* [What you need to do]
Where a picture occurs in the data, omit it, and copy all remaining data exactly.

[Collected data]
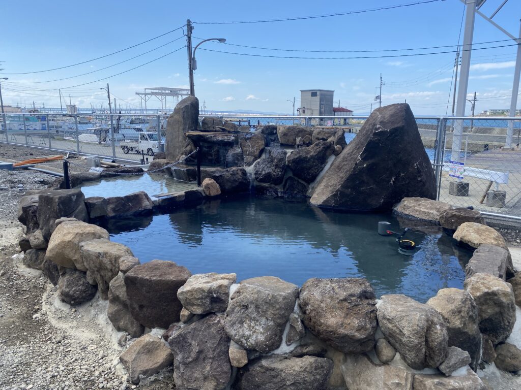 そして、お外は浜焼きコーナーになっているのですが、そこの一角になんと滝つきのプールが!
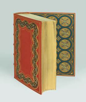 vertes, dos orné de même, doublure de maroquin brun-vert ornée d’un décor mosaïqué répété de rosaces et fleurs de
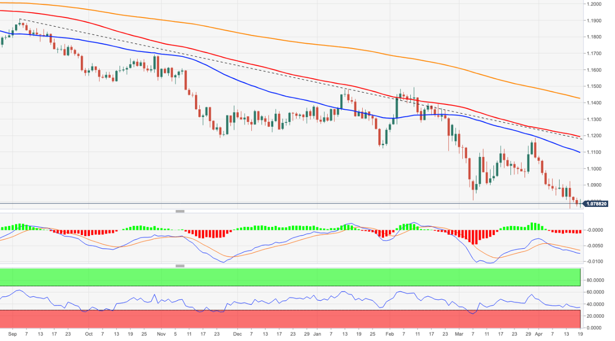 EUR/USD membalikkan penurunan sebelumnya ke 1,0760 dan mendapatkan kembali 1,0800. Kunjungan lainnya ke terendah 2022 di dekat 1,0750 tetap mungkin. EUR/USD mendapatkan kembali senyumnya dan membalikkan tiga penurunan harian berturut-turutnya pada hari Selasa. Mengingat aksi harga yang sedang berlangsung, penurunan ekstra pada pasangan mata uang ini tetap dalam proses di horizon jangka pendek. Terhadap keadaan itu, penembusan di bawah terendah 2022 sejauh ini di 1,0757 (14 April) akan membuka kemungkinan kunjungan singkat ke 1,0727 (terendah 24 April 2020) sebelum terendah 2020 di 1,0635 (23 Maret). Ketika di bawah SMA 200-hari, hari ini di 1,1424, prospek pasangan mata uang ini diperkirakan akan tetap negatif. Grafik harian EUR/USD level-level teknis EUR/USD Tinjauan Harga terakhir hari ini 1.0788 Perubahan harian hari ini 0.0005 Perubahan harian hari ini % 0.05 Pembukaan harian hari ini 1.0783 Tren SMA 20 Harian 1.0945 SMA 50 Harian 1.1079 SMA 100 Harian 1.1199 SMA 200 Harian 1.1431 Level Tinggi Harian Sebelumnya 1.0822 Rendah Harian Sebelumnya 1.077 Tinggi Mingguan Sebelumnya 1.0933 Rendah Mingguan Sebelumnya 1.0758 Tinggi Bulanan Sebelumnya 1.1233 Rendah Bulanan Sebelumnya 1.0806 Fibonacci Harian 38,2% 1.079 Fibonacci Harian 61,8% 1.0802 Pivot Point Harian S1 1.0762 Pivot Point Harian S2 1.074 Pivot Point Harian S3 1.071 Pivot Point Harian R1 1.0813 Pivot Point Harian R2 1.0843 Pivot Point Harian R3 1.0865
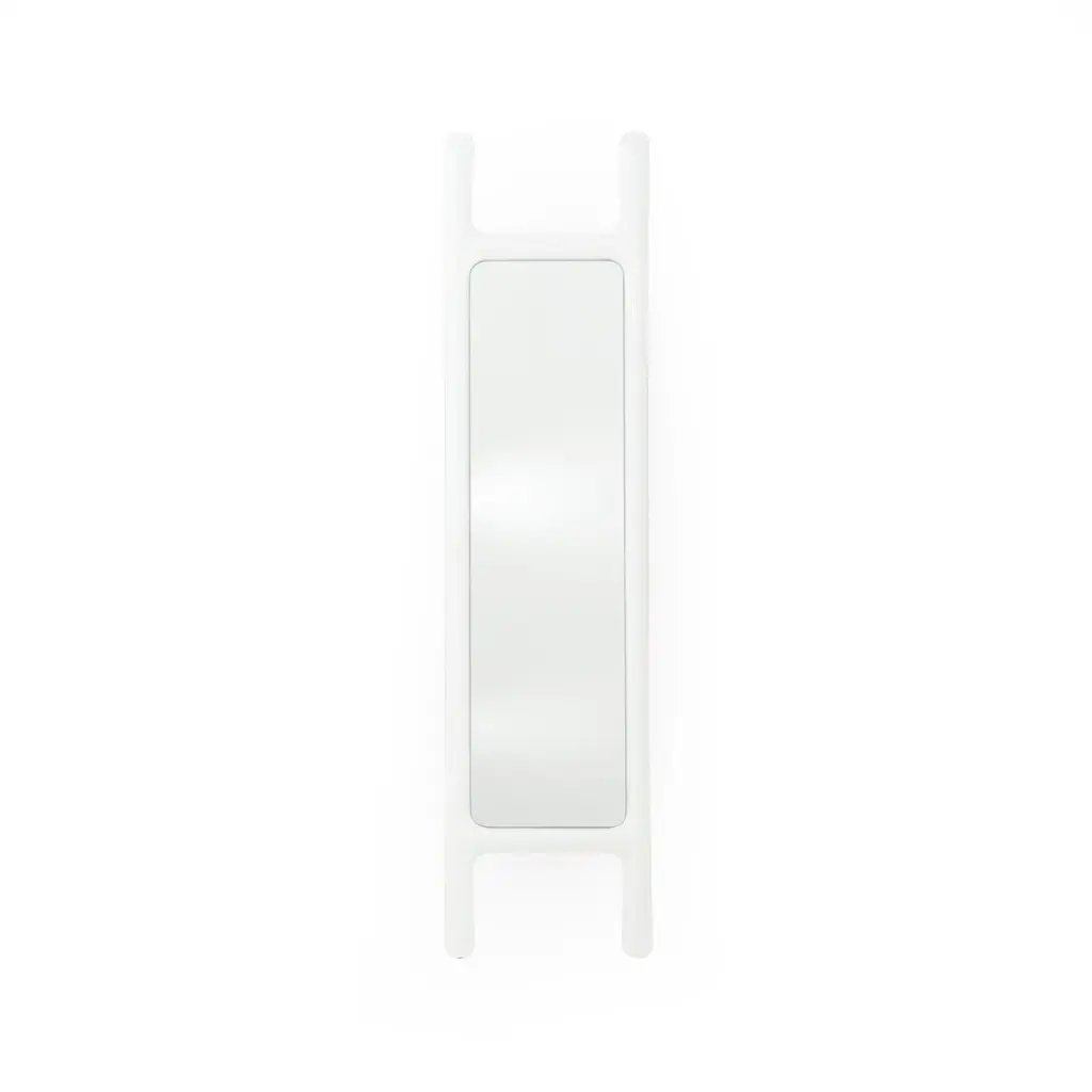 White drab sculptural wall mirror by ZietaDimensions: D 6 x W 46 x H 188 cm Material: Mirror, carbon steel. Finish: Powder-coated in white glossy.Also available in colors: stainless steel, or powder-coated. A DRAB mirror is an object that combines a steel frame with a glass mirror. It is an effect of the experiments with the inflated steel created with the use of FiDU technology that has led Oskar Zieta to create a DRAB hanger and DRAB mirror.DRAB mirror owes its name to its simple form that resembles a ladder (in Polish “drabina”). It is a minimalist object with an elegant framing that can be hung on a wall or leaned against it. In both arrangements, it will add a pinch of elegance to every contemporary interior.DRAB mirror is a geometrical mirror and a decorative object. Contrary to such mirrors from Zieta Collection as RONDO, TAFLA, or OKO, the inflation effect is not so obvious in its case. The deformations of the inflated steel are subtle just as the slender vertical shape of the mirror. The delicate folds are highlighted in the convexity of this simple form.The DRAB mirror can be used as a bedroom or bathroom mirror. It will also serve perfectly as the finishing touch in a modern or classical hallway or corridor. It is a perfect decorative object for private and public spaces such as hotel rooms and SPA parlors.About Zieta: Zietas main goal is to deliver uniqueness and customization in design and construction while keeping the production, transport, and warehousing innovatively efficient.This is how they imagine the future world: Light, durable structures of customized applications produced on demand out of one-of-a-kind parts, yet efficiently.They use a computer-controlled production process. Customized pattern, customized form, customized function, one-of-a-kind product, and outstanding precision are what they deliver.You will find all of this philosophy reflected in the products. They research, they discover new possibilities, they play with forms and they deliver a beautiful, innovative, surprising outcome to people who love the design and who care about design development.They believe their work is a valuable contribution to the world of design not only by the unique beauty of the forms but most of all by opening ultra-innovative opportunities of forming and new paths for the world of the future.
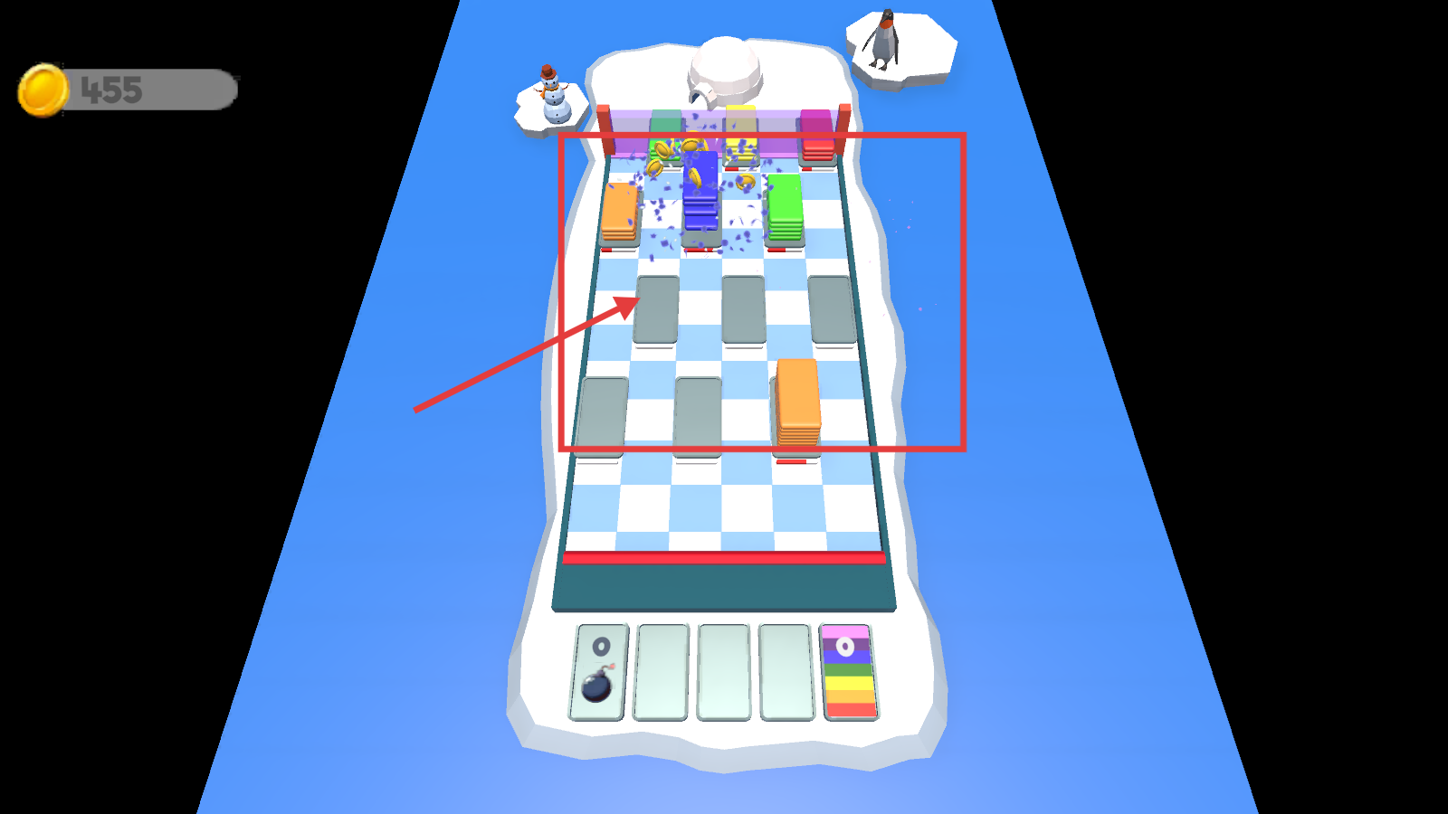 1、開局聚焦【彩色方塊】分布,依托棋盤空格規(guī)劃堆疊,結(jié)合左上角【455】金幣,優(yōu)先鞏固核心區(qū)域。

* [Response below]
 そして、お外は浜焼きコーナーになっているのですが、そこの一角になんと滝つきのプールが!
 vertes, dos orné de même, doublure de maroquin brun-vert ornée d’un décor mosaïqué répété de rosaces et fleurs de
 EUR/USD membalikkan penurunan sebelumnya ke 1,0760 dan mendapatkan kembali 1,0800. Kunjungan lainnya ke terendah 2022 di dekat 1,0750 tetap mungkin. EUR/USD mendapatkan kembali senyumnya dan membalikkan tiga penurunan harian berturut-turutnya pada hari Selasa. Mengingat aksi harga yang sedang berlangsung, penurunan ekstra pada pasangan mata uang ini tetap dalam proses di horizon jangka pendek. Terhadap keadaan itu, penembusan di bawah terendah 2022 sejauh ini di 1,0757 (14 April) akan membuka kemungkinan kunjungan singkat ke 1,0727 (terendah 24 April 2020) sebelum terendah 2020 di 1,0635 (23 Maret). Ketika di bawah SMA 200-hari, hari ini di 1,1424, prospek pasangan mata uang ini diperkirakan akan tetap negatif. Grafik harian EUR/USD level-level teknis EUR/USD Tinjauan Harga terakhir hari ini 1.0788 Perubahan harian hari ini 0.0005 Perubahan harian hari ini % 0.05 Pembukaan harian hari ini 1.0783 Tren SMA 20 Harian 1.0945 SMA 50 Harian 1.1079 SMA 100 Harian 1.1199 SMA 200 Harian 1.1431 Level Tinggi Harian Sebelumnya 1.0822 Rendah Harian Sebelumnya 1.077 Tinggi Mingguan Sebelumnya 1.0933 Rendah Mingguan Sebelumnya 1.0758 Tinggi Bulanan Sebelumnya 1.1233 Rendah Bulanan Sebelumnya 1.0806 Fibonacci Harian 38,2% 1.079 Fibonacci Harian 61,8% 1.0802 Pivot Point Harian S1 1.0762 Pivot Point Harian S2 1.074 Pivot Point Harian S3 1.071 Pivot Point Harian R1 1.0813 Pivot Point Harian R2 1.0843 Pivot Point Harian R3 1.0865
 White drab sculptural wall mirror by ZietaDimensions: D 6 x W 46 x H 188 cm Material: Mirror, carbon steel. Finish: Powder-coated in white glossy.Also available in colors: stainless steel, or powder-coated. A DRAB mirror is an object that combines a steel frame with a glass mirror. It is an effect of the experiments with the inflated steel created with the use of FiDU technology that has led Oskar Zieta to create a DRAB hanger and DRAB mirror.DRAB mirror owes its name to its simple form that resembles a ladder (in Polish “drabina”). It is a minimalist object with an elegant framing that can be hung on a wall or leaned against it. In both arrangements, it will add a pinch of elegance to every contemporary interior.DRAB mirror is a geometrical mirror and a decorative object. Contrary to such mirrors from Zieta Collection as RONDO, TAFLA, or OKO, the inflation effect is not so obvious in its case. The deformations of the inflated steel are subtle just as the slender vertical shape of the mirror. The delicate folds are highlighted in the convexity of this simple form.The DRAB mirror can be used as a bedroom or bathroom mirror. It will also serve perfectly as the finishing touch in a modern or classical hallway or corridor. It is a perfect decorative object for private and public spaces such as hotel rooms and SPA parlors.About Zieta: Zietas main goal is to deliver uniqueness and customization in design and construction while keeping the production, transport, and warehousing innovatively efficient.This is how they imagine the future world: Light, durable structures of customized applications produced on demand out of one-of-a-kind parts, yet efficiently.They use a computer-controlled production process. Customized pattern, customized form, customized function, one-of-a-kind product, and outstanding precision are what they deliver.You will find all of this philosophy reflected in the products. They research, they discover new possibilities, they play with forms and they deliver a beautiful, innovative, surprising outcome to people who love the design and who care about design development.They believe their work is a valuable contribution to the world of design not only by the unique beauty of the forms but most of all by opening ultra-innovative opportunities of forming and new paths for the world of the future.
 1、開局聚焦【彩色方塊】分布,依托棋盤空格規(guī)劃堆疊,結(jié)合左上角【455】金幣,優(yōu)先鞏固核心區(qū)域。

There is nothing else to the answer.